[Task to carry out]: The data below holds the lines to copy: everything from the line containing "Съемные алюминевые пластины" to the line containing "Мир ковров, магазин", both ends included, set down exactly.

[Records for this task]:
————
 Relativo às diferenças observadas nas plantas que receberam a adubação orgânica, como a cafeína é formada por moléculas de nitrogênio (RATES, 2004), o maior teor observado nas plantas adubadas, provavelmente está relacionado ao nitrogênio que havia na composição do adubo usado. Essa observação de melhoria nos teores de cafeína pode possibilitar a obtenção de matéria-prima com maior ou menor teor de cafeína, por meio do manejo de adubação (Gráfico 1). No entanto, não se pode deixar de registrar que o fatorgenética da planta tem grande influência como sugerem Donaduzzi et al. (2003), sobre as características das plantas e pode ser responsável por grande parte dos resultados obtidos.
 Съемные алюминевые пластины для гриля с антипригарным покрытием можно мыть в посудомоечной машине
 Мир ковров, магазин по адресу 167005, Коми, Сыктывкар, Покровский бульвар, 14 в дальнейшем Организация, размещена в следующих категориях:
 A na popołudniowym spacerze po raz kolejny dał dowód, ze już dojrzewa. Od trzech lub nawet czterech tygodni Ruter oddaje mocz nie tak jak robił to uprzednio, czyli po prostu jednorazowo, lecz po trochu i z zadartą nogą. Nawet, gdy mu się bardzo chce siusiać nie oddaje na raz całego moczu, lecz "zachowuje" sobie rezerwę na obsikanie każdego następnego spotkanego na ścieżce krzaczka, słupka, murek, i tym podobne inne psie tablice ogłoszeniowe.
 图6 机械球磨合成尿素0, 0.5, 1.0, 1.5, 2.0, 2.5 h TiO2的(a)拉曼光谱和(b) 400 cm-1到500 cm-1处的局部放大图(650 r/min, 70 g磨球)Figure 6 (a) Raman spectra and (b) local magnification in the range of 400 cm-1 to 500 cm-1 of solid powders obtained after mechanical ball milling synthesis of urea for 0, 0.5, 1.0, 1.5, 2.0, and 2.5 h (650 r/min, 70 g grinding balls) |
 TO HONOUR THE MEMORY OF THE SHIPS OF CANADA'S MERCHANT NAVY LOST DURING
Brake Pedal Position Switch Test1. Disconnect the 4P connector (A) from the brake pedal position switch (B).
————
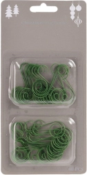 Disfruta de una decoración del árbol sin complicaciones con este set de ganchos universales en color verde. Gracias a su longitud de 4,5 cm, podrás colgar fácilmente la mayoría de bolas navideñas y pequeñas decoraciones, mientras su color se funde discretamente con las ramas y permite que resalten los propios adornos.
————
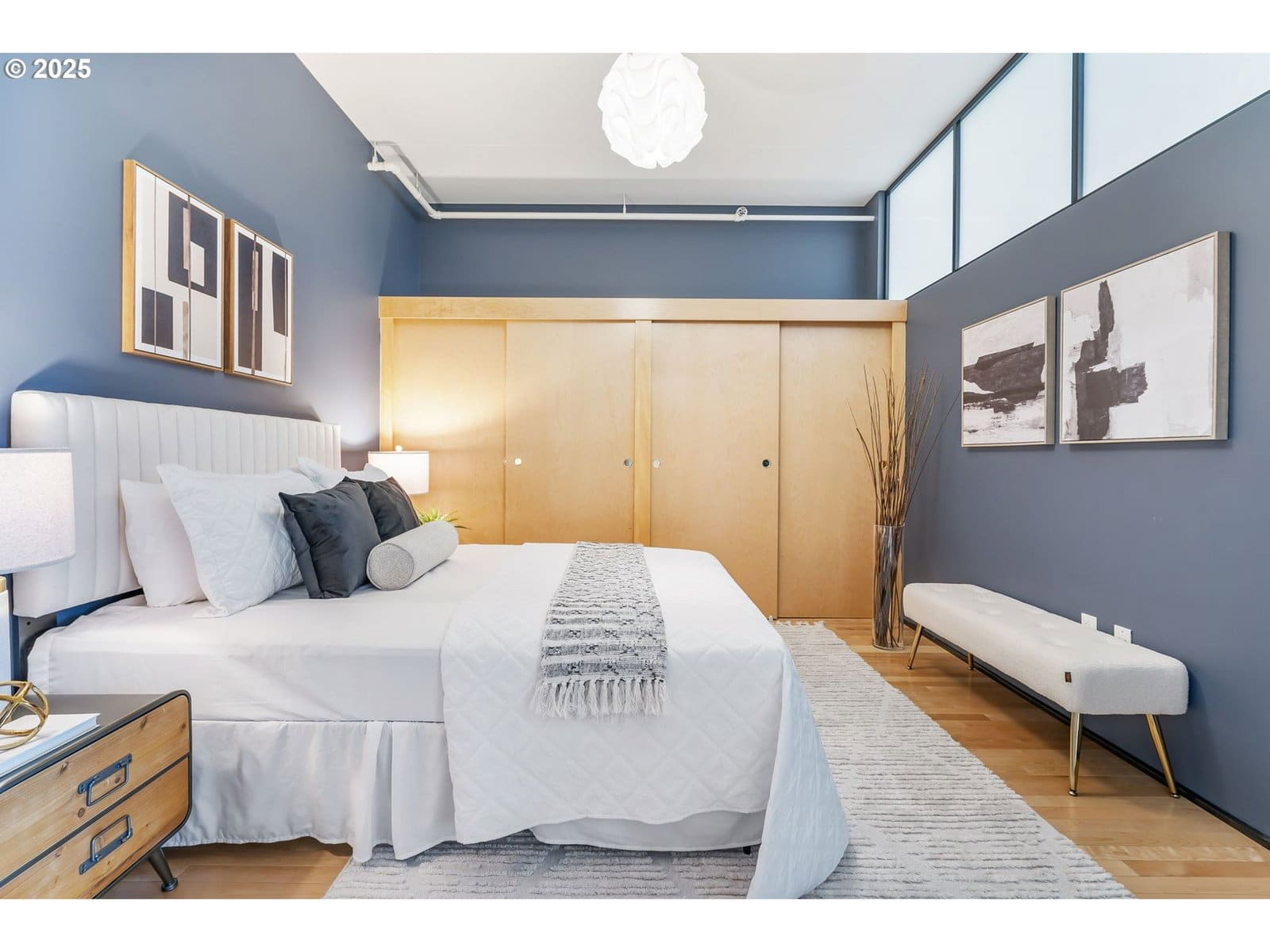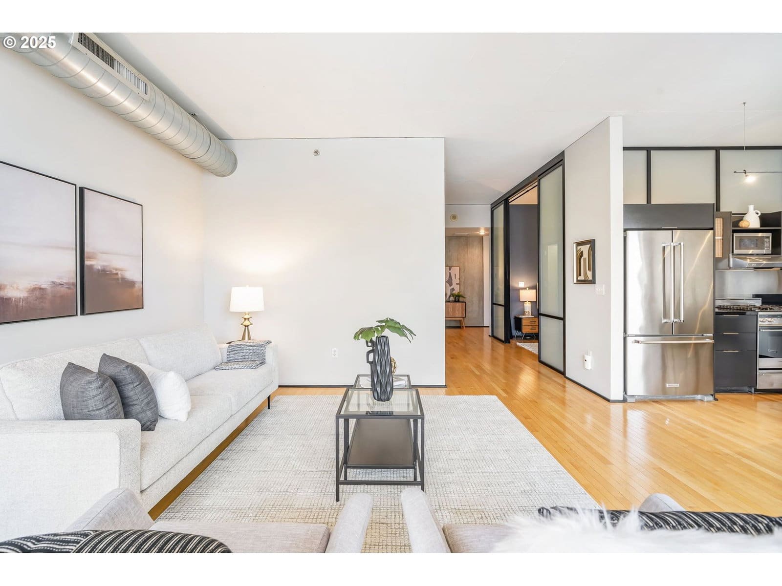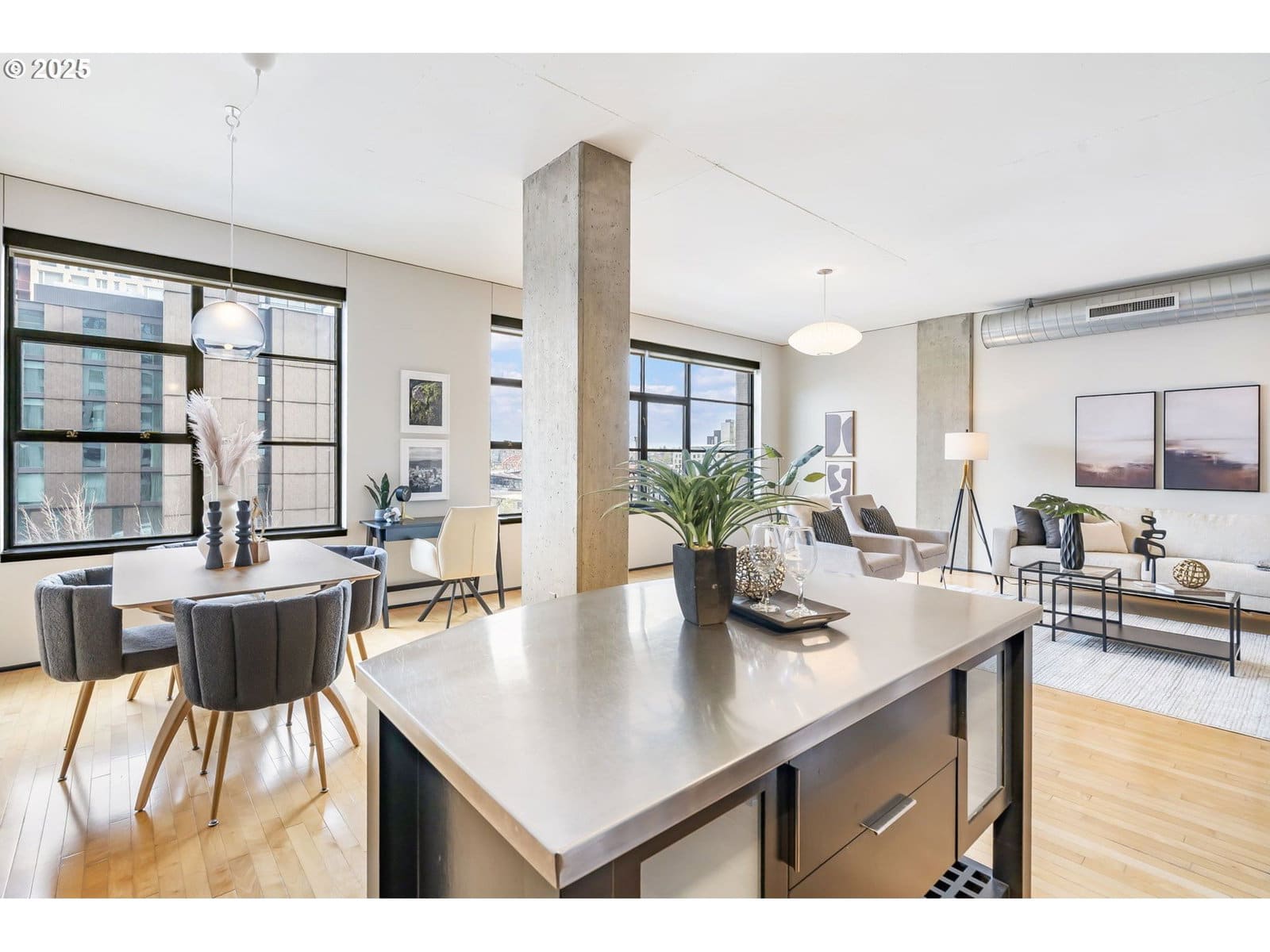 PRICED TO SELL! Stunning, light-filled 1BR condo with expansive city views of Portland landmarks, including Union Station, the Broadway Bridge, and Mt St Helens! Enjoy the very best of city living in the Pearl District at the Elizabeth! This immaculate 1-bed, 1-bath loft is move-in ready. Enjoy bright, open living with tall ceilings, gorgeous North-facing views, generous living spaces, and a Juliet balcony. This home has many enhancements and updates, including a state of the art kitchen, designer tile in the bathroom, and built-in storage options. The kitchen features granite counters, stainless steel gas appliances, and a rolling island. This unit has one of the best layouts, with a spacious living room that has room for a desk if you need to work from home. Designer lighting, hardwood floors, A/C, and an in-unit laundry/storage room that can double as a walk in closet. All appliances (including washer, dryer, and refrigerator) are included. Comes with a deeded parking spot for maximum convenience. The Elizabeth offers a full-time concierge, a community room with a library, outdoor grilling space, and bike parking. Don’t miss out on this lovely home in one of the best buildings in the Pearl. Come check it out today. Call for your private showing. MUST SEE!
————
[Final answer]:
 Съемные алюминевые пластины для гриля с антипригарным покрытием можно мыть в посудомоечной машине
 Мир ковров, магазин по адресу 167005, Коми, Сыктывкар, Покровский бульвар, 14 в дальнейшем Организация, размещена в следующих категориях:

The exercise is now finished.